Тем временем надвигались сумерки. Самое бы время отнести девочку в деревню. Селяне уходят с полей и занимаются домашними хлопотами. Вряд ли кто-то увидит нас.

- Ну, так что будем делать? – спросил я.

Малышка задумчиво поковыряла длинным ногтем в зубах.

- Наверное, надо развести костер, - неуверенно ответила она.

Я надеялся на другой ответ, но все равно не смог сдержать улыбку. Девочка явно не была лишена здравого смысла. Решив, что ночью ее одну у деревни не брошу, я присел рядом с ней и сказал:

- Тогда забирайся ко мне на спину и пошли. Здесь где-то дорога, и костер рядом с ней я разводить не хочу.
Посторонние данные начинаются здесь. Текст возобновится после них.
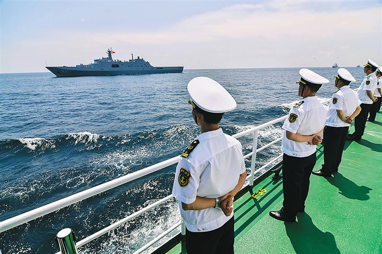 5月27日,在马六甲海峡凌家卫海域,中国海事“海巡31”船接受检阅。 当日,为期五天的东盟地区论坛第四次救灾演练继续进行。中国海事“海巡31”船与中国海军井冈山舰、海警3306船、海警31101船、东海救101船以及马来西亚、泰国、印度等国家和地区的28艘舰艇、4架直升机参与了此次海上搜救行动演习。 新华社发(张纹综 摄)

- Куда же мы пойдем? – я почувствовал на шее её холодные, цепкие ладошки и невольно умилился, с какой доверчивой готовностью она обхватила меня.

- Пойдем на мое кострище, - прокряхтел я, поднимаясь и оглядывая поляну. В кустах остались развороченный ящик и скомканное покрывало. Казалось, с тех прошла целая вечность. Я подумал, что покрывало пригодилось бы ночью, чтобы укутать Анику, но не мог себя заставить забрать его. Оно, наверное, и по сей день лежит там. Если, конечно, не сгнило за эти годы.

Добравшись в подступающей тьме до моего последнего пристанища, я быстро развел костер и устроил девочку под навесом из еловых лап. Укутавшись в мой теплый овечий полушубок, она долго молча лежала, задумчиво глядя на рассыпающиеся над костром искры.

Мне тогда было двадцать четыре, и я мало был знаком с детьми. Своими я обзавестись еще не успел, а младших братьев или сестер мне Господь не дал. Но если бы девочка плакала, звала мать или каких-то других родственников, я бы чувствовал себя не так растерянно.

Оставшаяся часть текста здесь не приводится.